American scientists have discovered that a fly parasite can turn honey bees into confused zombies before killing them, in an advance that could offer new clues to why bee colonies are collapsing.

So far, the parasite has only been detected in honey bees in California and South Dakota, American researchers reported in the open access science journal PLoS ONE this week.

NEWS: Bees on the Brink of Dying

But if it turns out to be an emerging parasite, that "underlines the danger that could threaten honey bee colonies throughout North America," said the study led by San Francisco State University professor of biology John Hafernik.

Hafernik made the discovery by accident, when he foraged some bees from outside a light fixture at the university to feed to a praying mantis he'd brought back from a field trip.

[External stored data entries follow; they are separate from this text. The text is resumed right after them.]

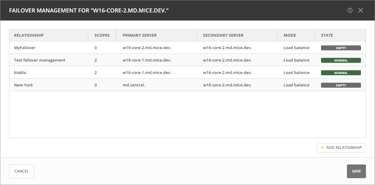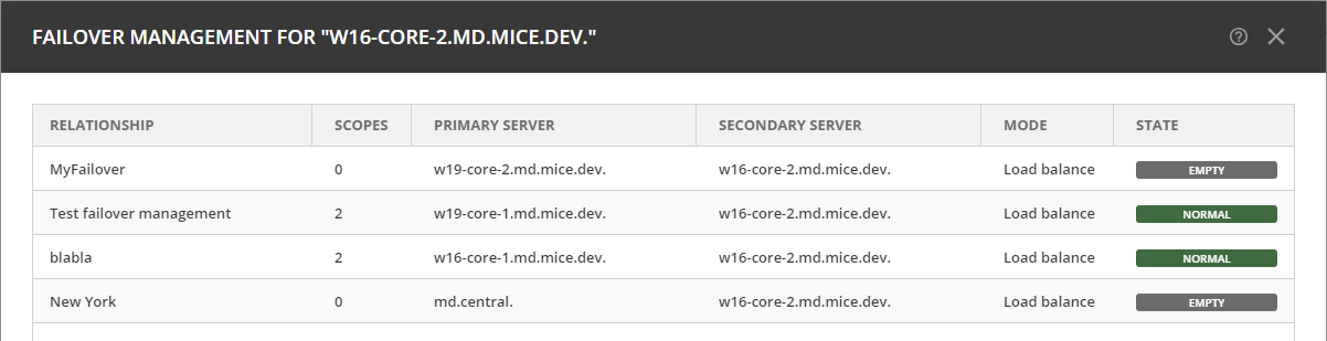If the failover relationship was empty before the scope was added to it, the status will change from “Empty” to “Normal”.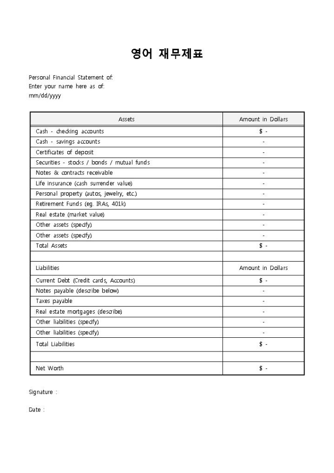9,000원/월영어 재무제표입니다. Assets, Amount in Dollars 등으로 구성되어 있습니다. 영어로 되어진 재무제표를 작성할 때 사용할 수 있습니다.
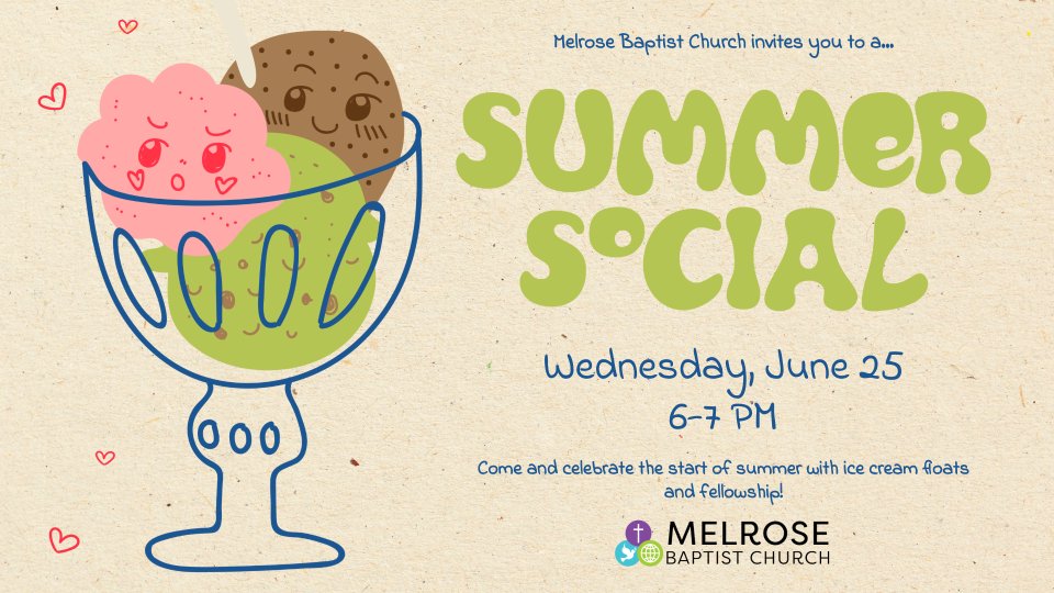 All are invited to join us for a sweet of celebration of the start of summer with ice cream floats and fellowship! Join us on Wednesday, June 25 from 6-7 PM! Ice cream floats are FREE and all are invited to join us!

"But being an absent-minded professor, I left them in a vial on my desk and forgot about them. Then the next time I looked at the vial, there were all these fly pupae surrounding the bees," he said.

Soon, the bees began to die, but not in the usual way by sitting still and curling up. These bees kept trying to move their legs and get around, but they were too weak, said lead author Andrew Core, a graduate student in Hafernik's lab.

"They kept stretching them out and then falling over," said Core. "It really painted a picture of something like a zombie."

Further study showed that bees that left their hives at night were most likely to become infected with the fly parasite, identified as Apocephalus borealis.

Once bees were parasitized by the fly, they would abandon their hives and congregate near lights, a very unusual behavior for bees.

"When we observed the bees for some time -- the ones that were alive -- we found that they walked around in circles, often with no sense of direction," said Core.